● WHAT YOU WILL DO
Print exactly the lines from the one containing "2017年12月28日上午,必赢官网20" through the last line of the records below, both included, and nothing else; omit any pictures.
::: DATA RECORDS
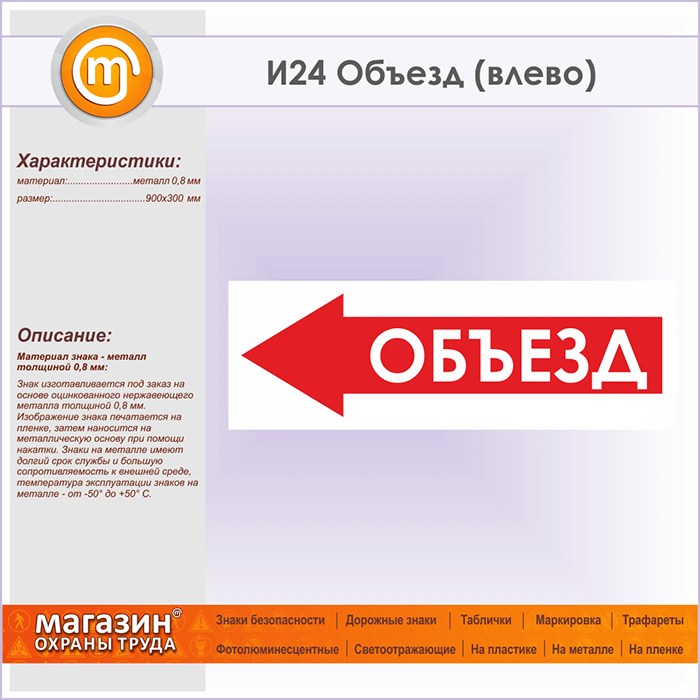 Знак «Объезд (влево)», И24 (металл, 900х300 мм) в Волгограде купить
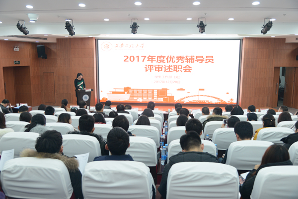 2017年12月28日上午,必赢官网2017年度优秀辅导员评审述职大会在临潼校区图书馆一楼报告厅举行。校党委书记刘江南、校党委副书记赵小峰出席大会,校学生工作领导小组部分成员单位负责人、部分职能部门负责人、各学院学生工作主管、全体专兼职辅导员和学生代表共计190余人参加了大会。学生工作部(处)副部长张慧主持大会。
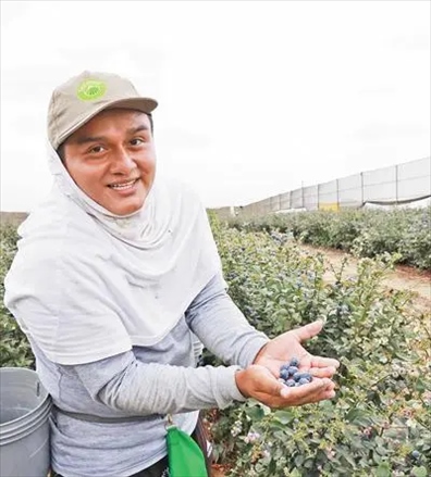 △在秘魯特魯希略市一家農(nóng)場里,采摘工人在展示剛摘下的藍(lán)莓。
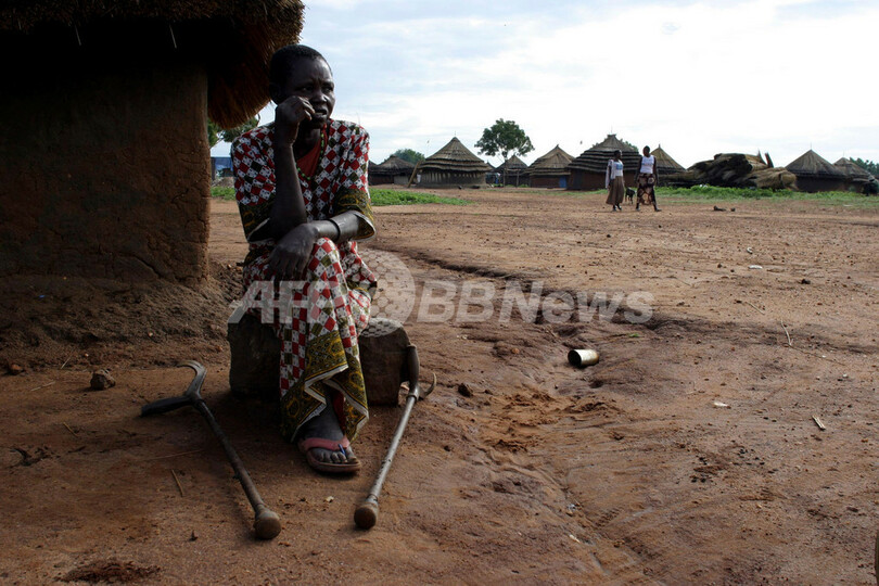 【ジュバ/スーダン 29日 AFP】スーダン南部での内戦のため、1400人の人々が75マイル離れたジュバ(Juba)の国内難民キャンプに非難した。21年間続いたこの内戦は2005年1月に和平協定により停戦したが、内戦による国内難民の数は450万人にものぼるという。写真は24日、国内難民キャンプの小屋の前で座り込むAngelica Kitaliさん。Kitaliさんは2002年7月に、神の抵抗軍(Lord’s Resistance Army, LRA)の攻撃で左足を失った。(c)AFP/TUGELA RIDLEY
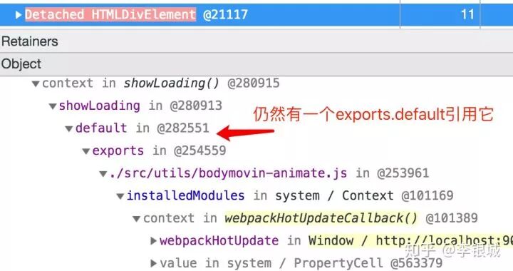 仍然有一个exports.default指向它,它是webpack的模块,我猜想是因为本文开篇提到的例子的原因,就是模块形成了闭包,它的变量没有被释放造成内存泄露,所以在stopLoading里面把它置成null:
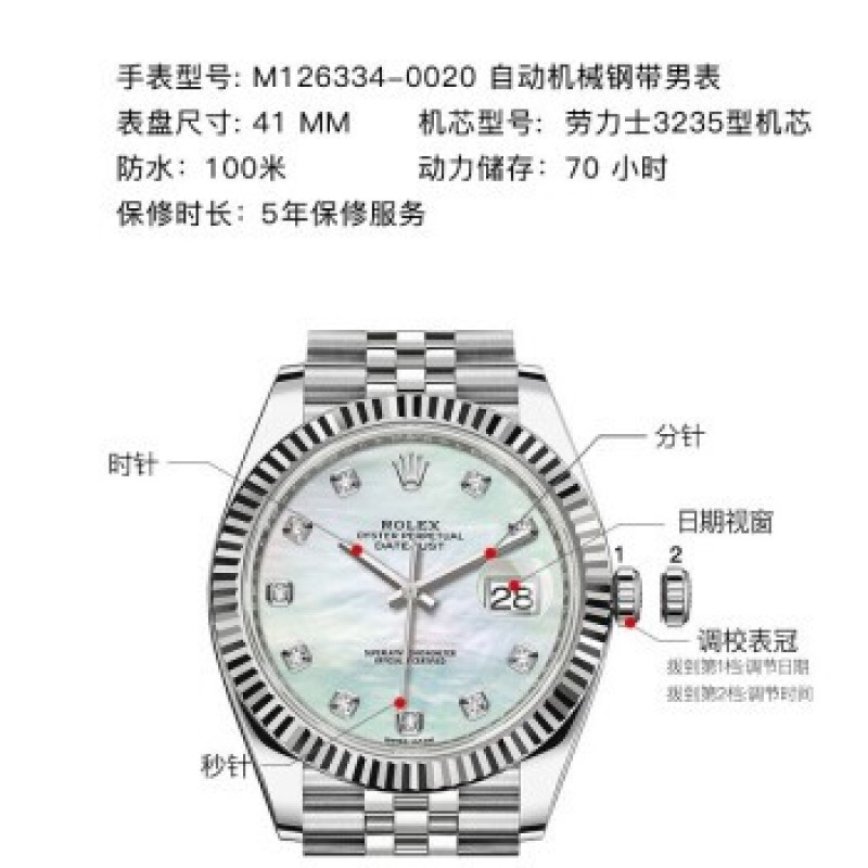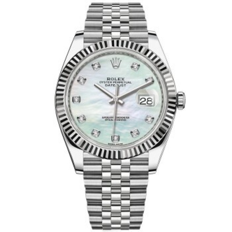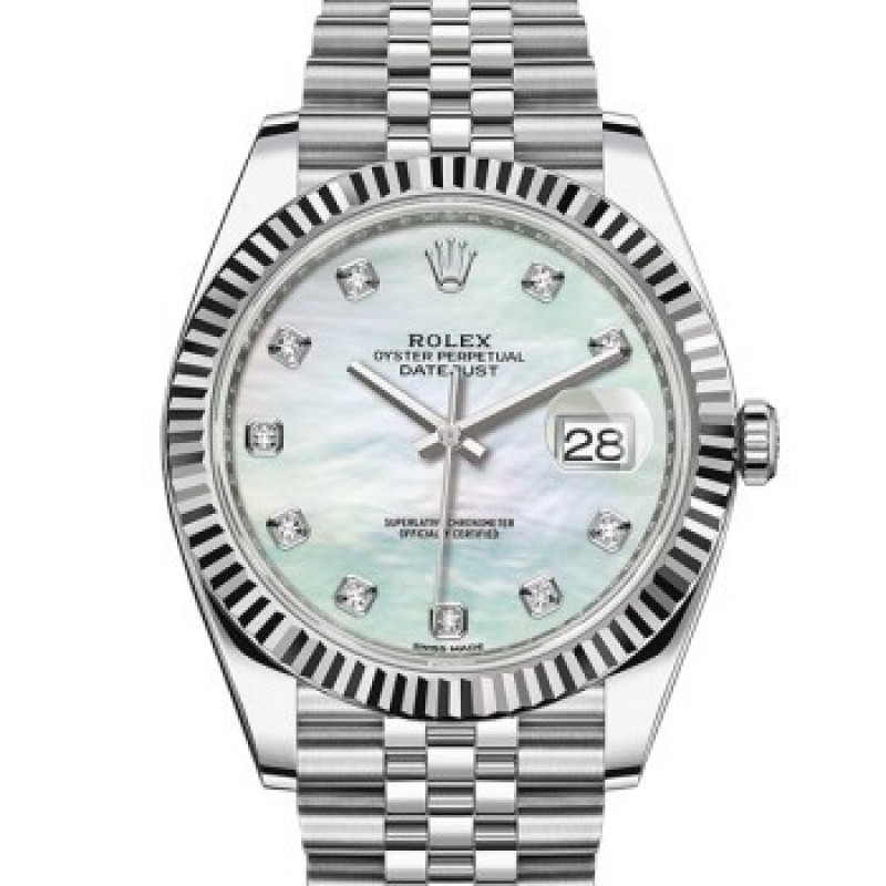 Swiss Rolex Watch Datejust 41 Series Automatic Mechanical Men's Watch M126334-0020 White Pearl with Diamond Five-Grid Chain
::::::
● TASK ANSWER
 2017年12月28日上午,必赢官网2017年度优秀辅导员评审述职大会在临潼校区图书馆一楼报告厅举行。校党委书记刘江南、校党委副书记赵小峰出席大会,校学生工作领导小组部分成员单位负责人、部分职能部门负责人、各学院学生工作主管、全体专兼职辅导员和学生代表共计190余人参加了大会。学生工作部(处)副部长张慧主持大会。
 △在秘魯特魯希略市一家農(nóng)場里,采摘工人在展示剛摘下的藍(lán)莓。
 【ジュバ/スーダン 29日 AFP】スーダン南部での内戦のため、1400人の人々が75マイル離れたジュバ(Juba)の国内難民キャンプに非難した。21年間続いたこの内戦は2005年1月に和平協定により停戦したが、内戦による国内難民の数は450万人にものぼるという。写真は24日、国内難民キャンプの小屋の前で座り込むAngelica Kitaliさん。Kitaliさんは2002年7月に、神の抵抗軍(Lord’s Resistance Army, LRA)の攻撃で左足を失った。(c)AFP/TUGELA RIDLEY
 仍然有一个exports.default指向它,它是webpack的模块,我猜想是因为本文开篇提到的例子的原因,就是模块形成了闭包,它的变量没有被释放造成内存泄露,所以在stopLoading里面把它置成null:
 Swiss Rolex Watch Datejust 41 Series Automatic Mechanical Men's Watch M126334-0020 White Pearl with Diamond Five-Grid Chain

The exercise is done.